Of 6,300 firms analysed by Trucost, a unit of S&P Dow Jones Indices that advises on ESG issues, only 46 per cent gave standardised quantitative information on carbon emissions; 36 per cent on air emissions; and 21 per cent on water dependency.
“Data is often insufficiently robust, financially relevant or forward-looking, meaning investors cannot incorporate this information into the investment process,” Richard Mattison, Trucost’s chief executive officer, wrote on the global investment news website Responsible Investor this month.
Gifford says: “Key ESG risks in the region include water scarcity and air pollution. These also present opportunities, particularly in renewables and water treatment. There continue to be social issues in the region, such as child labour, workers’ rights. And the ‘G’ issues, such as bribery and corruption, and concentrated ownership structures with poor corporate governance, continue to be challenges that fund managers need to consider.”
More transparent and meaningful disclosure should also make it easier to convince investors and asset owners, such as insurance firms, sovereign wealth funds and family offices of the growing threats lurking in their portfolios.
Jean-Marc Champagne, climate finance adviser for the global environmental group WWF-Hong Kong, says changes in policies as governments try to cut out fossil fuels, reduce pollution or rebalance their economies may cause the price of assets to slump, or risk them becoming “stranded” altogether – such as an oil well investment that becomes unviable and has to be abandoned.

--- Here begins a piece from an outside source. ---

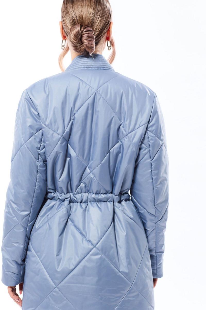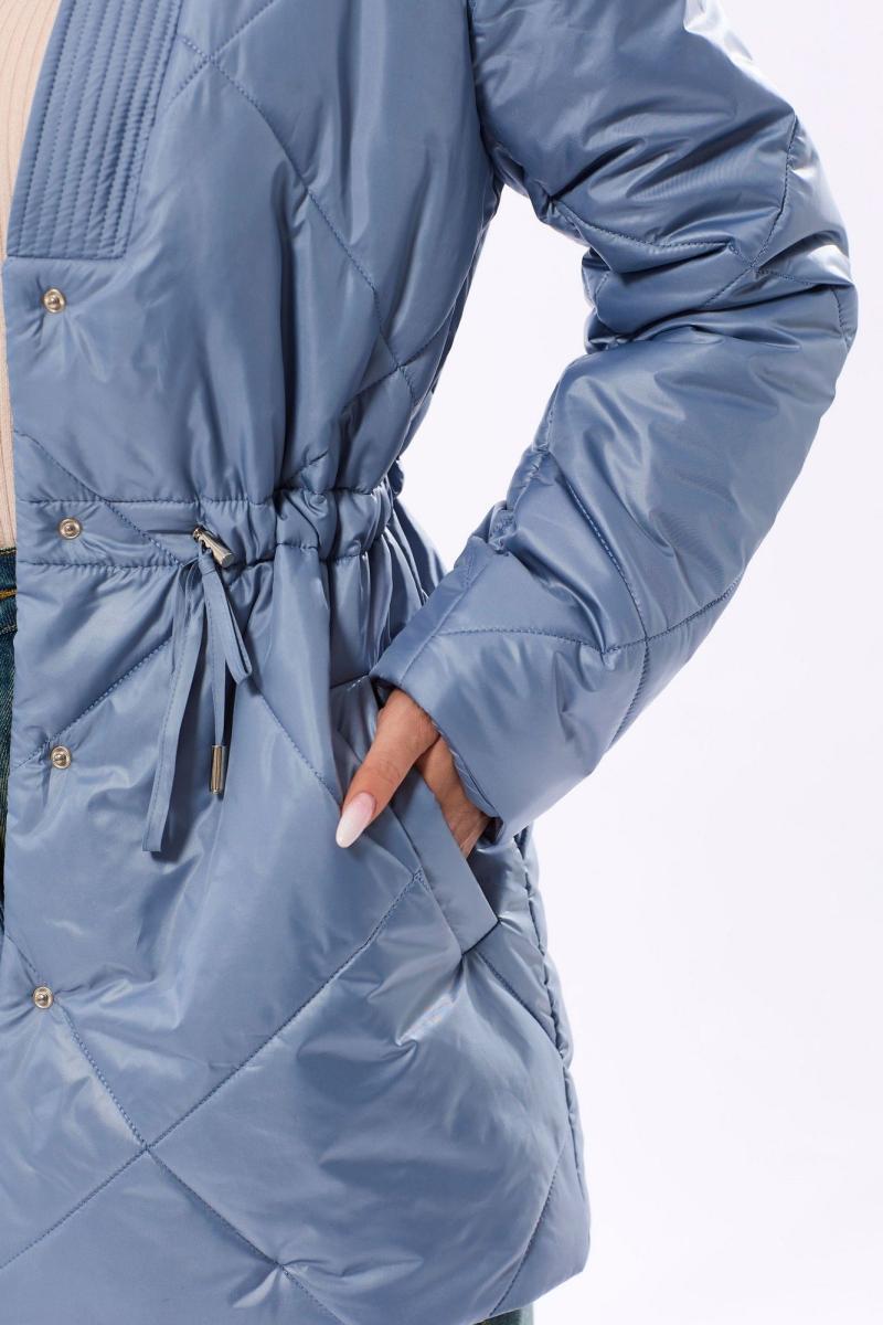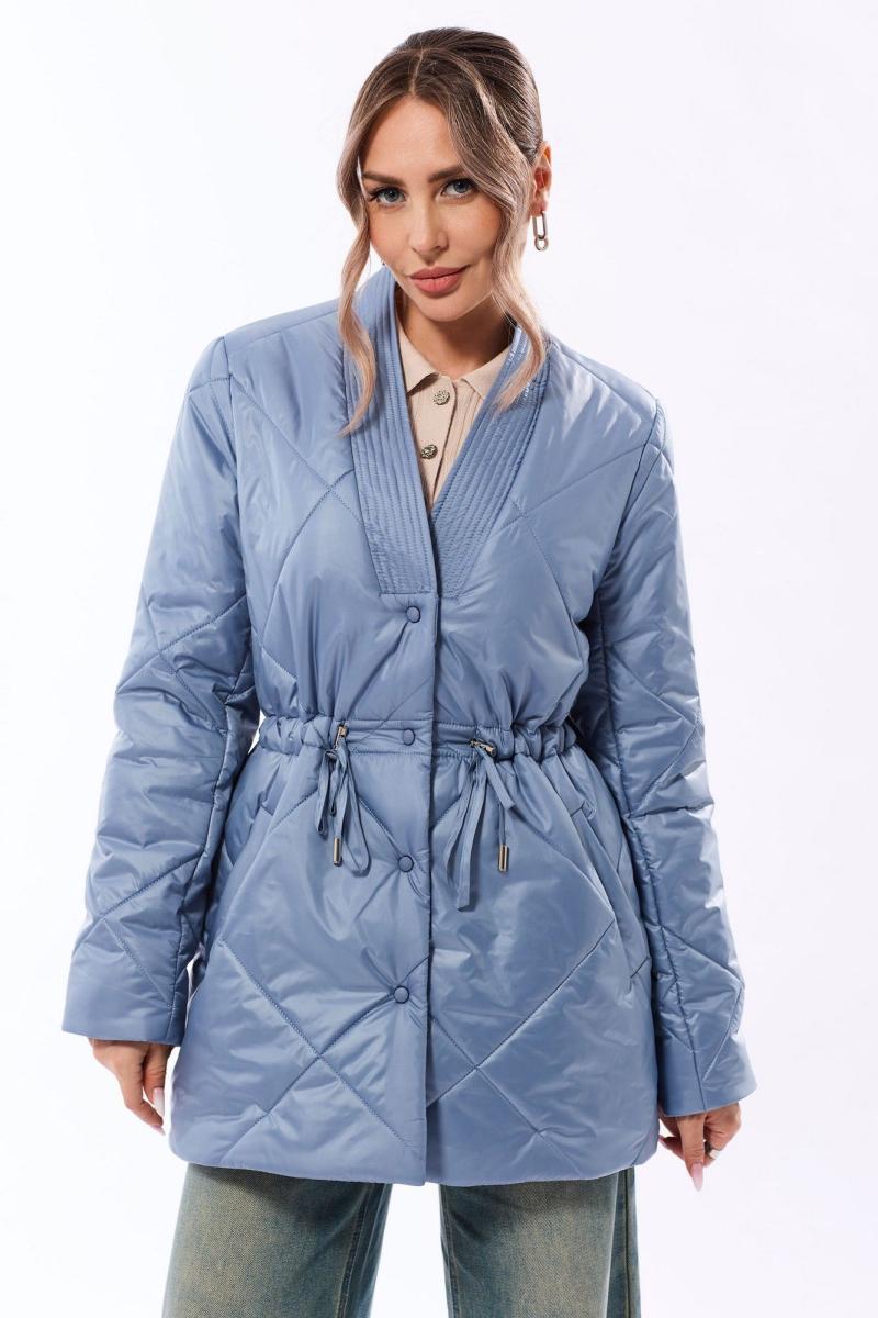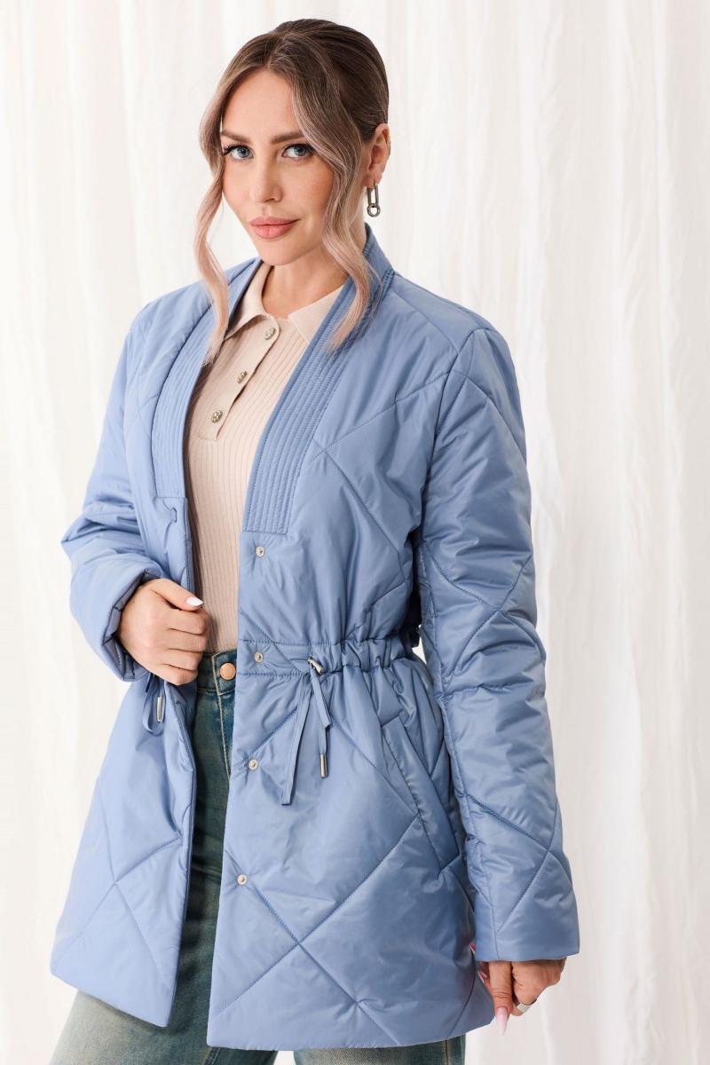 Куртка утепленная, с центральной застежкой на кнопки, втачным воротником, V-образным вырезом горловины. На полочках расположены прорезные карманы с листочками. На линии талии расположена кулиса со шнуром. Толщина синтепона 150г/м2, , изделие рекомендуется до -5 градусов. Куртка на подкладке.

“This won’t come about suddenly, nor will it come about from constraining the supply-side of fossil fuels,” Champagne says. “It will come about by a slow, but very steady creep from the demand-side.”
Instead of cutting oil production or imports, governments will implement policies to encourage consumers to buy greener products, such as promoting electric vehicles, Champagne says. “We see this as a place where governments can control and incentivise product uptake, thus putting pressure on the demand for oil and putting further pressure on oil companies’ balance sheets.”
Hong Kong’s government also has a key educational role through the investment policies of public asset owners, which “set the tone” for the market, the Financial Services Development Council said in a report last year.
The Mandatory Provident Fund, for example, would be a good platform to promote responsible investment, says Mary Ho, an independent adviser to companies on ESG issues and a professor at Hong Kong University of Science and Technology’s business school.
She says the compulsory pension fund’s investment horizon gives it the long-term commitment needed to make a meaningful environmental or social impact.
“We are still living in a shareholder-driven capitalist society and its obsession with short-term financial measures of progress,” Ho says. “This is contradictory in almost every way to the long-term, stakeholder approach needed for high-impact ESG.”